The film JLG/JLG (1995) sets us on the trail not of one, but of many Godards. Doubling and folding around the inflection of the bar between JLG and JLG the film unfolds as a self-portraiture (and the processual quality of portraiture as opposed to portrait is important) without subject. The elision of the subject by means of an avowed portrayal of the subject named in the film's title (named and unnamed) sees emerge the heterotopic zone of inflection marked in the bar.

Since Eisenstein and Vertov the primacy or not of montage has been a central question for theories of cinema. With Godard, however, montage becomes montrage.

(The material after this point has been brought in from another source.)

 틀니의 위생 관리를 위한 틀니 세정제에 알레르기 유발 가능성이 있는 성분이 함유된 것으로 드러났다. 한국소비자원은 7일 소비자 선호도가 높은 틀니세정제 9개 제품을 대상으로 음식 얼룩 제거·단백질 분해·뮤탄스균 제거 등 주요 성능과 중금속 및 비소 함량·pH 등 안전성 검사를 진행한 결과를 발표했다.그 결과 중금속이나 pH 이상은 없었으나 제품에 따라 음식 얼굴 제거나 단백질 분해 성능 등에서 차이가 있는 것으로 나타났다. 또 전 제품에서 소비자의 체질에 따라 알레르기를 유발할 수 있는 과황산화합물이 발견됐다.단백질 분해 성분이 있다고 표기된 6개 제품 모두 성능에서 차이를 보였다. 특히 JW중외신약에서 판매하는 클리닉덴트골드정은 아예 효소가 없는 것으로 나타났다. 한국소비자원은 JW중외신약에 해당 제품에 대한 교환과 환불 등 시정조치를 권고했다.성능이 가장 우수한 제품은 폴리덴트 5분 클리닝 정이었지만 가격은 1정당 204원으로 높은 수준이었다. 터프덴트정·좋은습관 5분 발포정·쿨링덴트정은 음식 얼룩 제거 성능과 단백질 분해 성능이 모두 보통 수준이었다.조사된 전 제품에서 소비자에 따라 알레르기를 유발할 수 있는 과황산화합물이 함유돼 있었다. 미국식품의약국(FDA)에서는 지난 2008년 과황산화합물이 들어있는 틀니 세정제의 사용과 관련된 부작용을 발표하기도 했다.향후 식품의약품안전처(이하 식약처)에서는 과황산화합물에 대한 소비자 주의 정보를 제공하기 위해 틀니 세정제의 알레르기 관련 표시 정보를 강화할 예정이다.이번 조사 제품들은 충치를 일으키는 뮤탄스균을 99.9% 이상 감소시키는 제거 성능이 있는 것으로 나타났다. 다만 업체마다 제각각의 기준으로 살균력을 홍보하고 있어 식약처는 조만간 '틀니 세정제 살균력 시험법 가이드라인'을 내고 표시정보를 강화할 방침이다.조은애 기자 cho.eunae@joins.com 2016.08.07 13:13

Of utilisation of the plan fixe in Godard, Deleuze asserts: it "effectively carries the static shot of cinema to this state where forms dissolve, and all that subsist are tiny varieties of speed between movements in composition". No longer is it a question of the ontological piety of Being, of the copula IS. In Histoire(s) du cinema (1989-1998) Godard himself frequently appears in partial silhouette at an editing table, figured in the atopic, smooth and threshold state - the smooth space - of the space between, the intermezzine space of AND. "Vous-êtes là, là!", the voiceover at the beginning of Soigne ta droite (1987) intones, as an aerial shot points earthwards (the film's subtitle is "A place on earth"), at which point a camera jolt reminds the viewer that they are precisely in this "there" (), this shifting there, the atopia of which is ciphered in the techne of cinema, now become an irrationality incapable of being made subservient to a rational goal. Godard subjects Heidegger's being-in-the-world to a neo-baroque loosening: being-for-the-world: you are here, AND here, AND here, multiplied across the film of cinema. Your subjectivity is a genre, as one says of Hollywood musical comedy that it is a genre.